Frequency-Adaptive Pan-Sharpening with Mixture of Experts
Xuanhua He, Keyu Yan, Rui Li, Chengjun Xie, Jie Zhang, Man Zhou
TL;DR
The paper tackles pan-sharpening by introducing frequency-adaptive processing through a learnable frequency mask and a mixture-of-experts (MOE) framework. The method, FAME-Net, uses a DCT-based frequency mask predictor to partition features into high- and low-frequency streams (HF-MOE and LF-MOE) and an Experts Mixture module to dynamically fuse these streams with PAN/MS information. Key contributions include the first integration of MOE with frequency-domain processing in pan-sharpening, a differentiable Gumbel-Softmax-based mask, and a composite loss with reconstruction, mask, and load terms that balance expert utilization. Experimental results on WV2, GF2, and WV3 demonstrate state-of-the-art performance and strong generalization to real-world scenes, supported by ablations and visualizations of frequency-aware feature maps.
Abstract
Pan-sharpening involves reconstructing missing high-frequency information in multi-spectral images with low spatial resolution, using a higher-resolution panchromatic image as guidance.
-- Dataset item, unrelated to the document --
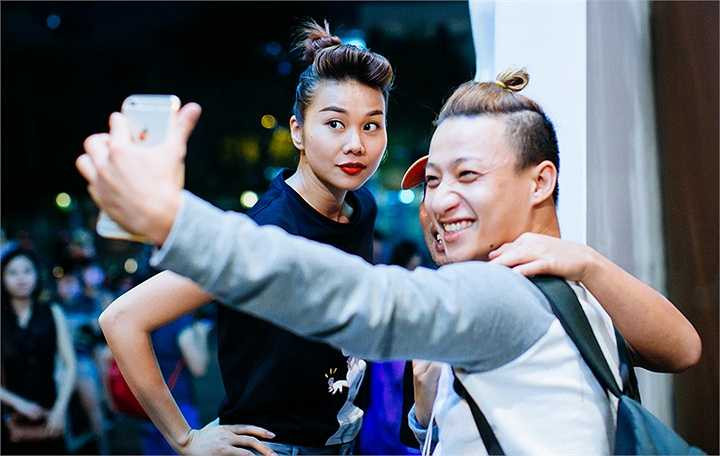 Đạo diễn Dũng 'khùng' cũng có mặt cùng cô, và chính Thanh Hằng là người dưa đón Nguyễn Quang Dũng đến xem phim, cả 2 cùng diện áo đôi. Cặp đôi này vẫn luôn dành cho nhau những tình cảm đặc biệt và những lời khen có cánh

Although the inborn connection with frequency domain, existing pan-sharpening research has not almost investigated the potential solution upon frequency domain. To this end, we propose a novel Frequency Adaptive Mixture of Experts (FAME) learning framework for pan-sharpening, which consists of three key components: the Adaptive Frequency Separation Prediction Module, the Sub-Frequency Learning Expert Module, and the Expert Mixture Module. In detail, the first leverages the discrete cosine transform to perform frequency separation by predicting the frequency mask. On the basis of generated mask, the second with low-frequency MOE and high-frequency MOE takes account for enabling the effective low-frequency and high-frequency information reconstruction. Followed by, the final fusion module dynamically weights high-frequency and low-frequency MOE knowledge to adapt to remote sensing images with significant content variations. Quantitative and qualitative experiments over multiple datasets demonstrate that our method performs the best against other state-of-the-art ones and comprises a strong generalization ability for real-world scenes. Code will be made publicly at \url{https://github.com/alexhe101/FAME-Net}.